Simplifying complexity

Husqvarna, which has been on a journey of digital transformation for years to improve its efficiency, is now launching the AI Factory Companion as part of that journey. The company, like many manufacturers, faces the challenge of legacy industrial equipment that has been in place for decades. Integrating data from this machinery with modern systems can be a difficult task. In order to achieve low latency, some data infrastructure must be localized at the edge. It also needs the resource capacity of cloud.

Husqvarna has leveraged Azure IoT Operations to serve as a central hub for collecting data from industrial equipment. IoT Operations is designed to help organizations transform physical operations through Microsoft’s adaptive approach.
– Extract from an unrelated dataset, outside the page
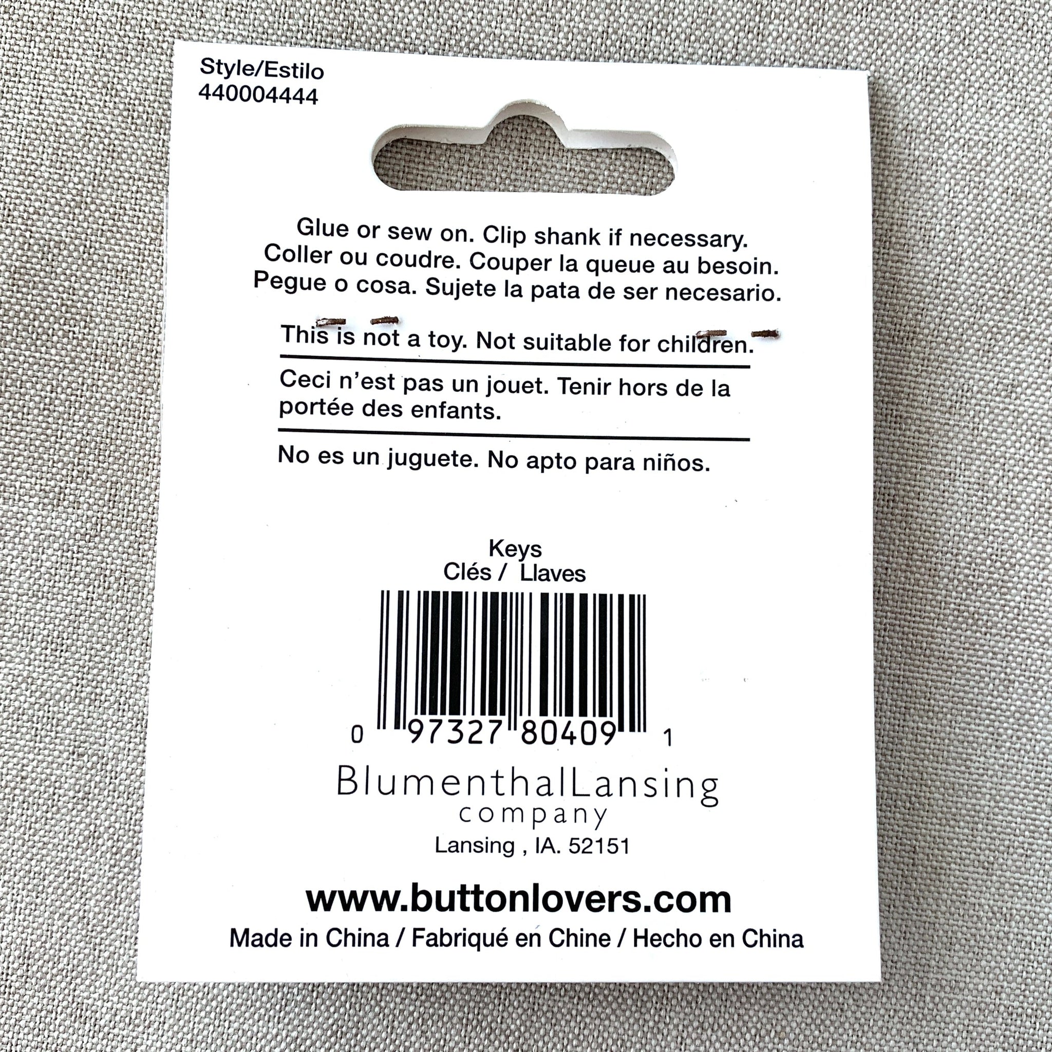 4444 Silver Key - Collectors Buttons - 1 Hole Shank Button - - Silver (ONLINE ORDER ONLY)

This unifies siloed sites, teams, and systems in a single data, security, and application model.

Microsoft’s adaptive cloud is about bringing cloud service to places where they haven’t gone before,” says Bernardo Caldas CVP of Azure edge Product Management at Microsoft. “Implementing AI into edge environments such as factories can be difficult, because many companies struggle with the complexity of data management and integration with existing systems.

Manufacturing data is traditionally layered:

  • level 0: physical process from devices like sensors
  • level 1: local control systems like programmable-logic controls (PLCs), and remote terminal units, that manage and control physical processes
  • level 2: supervisory data acquisition (SCADA), systems, which monitor and control) systems, like PLCs and RTUs and processes.
  • Wickstrom says Husqvarna has made significant progress in its transformation, including a move to a point where it can measure and control downtime. However, it is difficult to quantify how much more efficient it is with the AI Factory Companion.
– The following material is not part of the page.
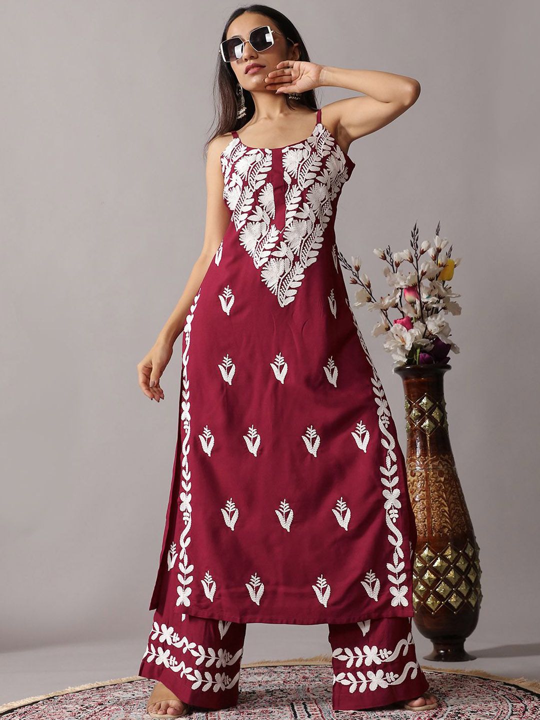 Women Ethnic Motifs Embroidered Kurta with Palazzos

    Daniel Johansson is the manager of manufacturing digitalization at Husqvarna. He says that technicians and maintenance personnel spend up to two hours fixing stoppages. “In some cases we will reduce the time by a small amount, but in others we will reduce it by 50-60%.”

    Work in progress

    Wickstrom says that the companion’s knowledge base is still in its infancy and he expects it to become more useful as the database grows.

He says, “We can’t yet answer every question, but we can address simple ones like 20% of a full bucket and in some instances, we can accelerate the time to resolution.” “If we don’t have the data, then we can’t do anything. And it will be that way for a while.” Now we can improve the knowledge base, instead of filling out another PDF that nobody will read.

The real magic lies in good search – finding the documents that are most relevant to answer a user’s questions. This requires combining traditional technologies with LLMs and mastering the technology. He says that if the user asks, “What’s the latest thing to happen to this machine?” it is difficult for gen AI because “latest” can be a complex concept. A SQL query can sort by date to provide the top results.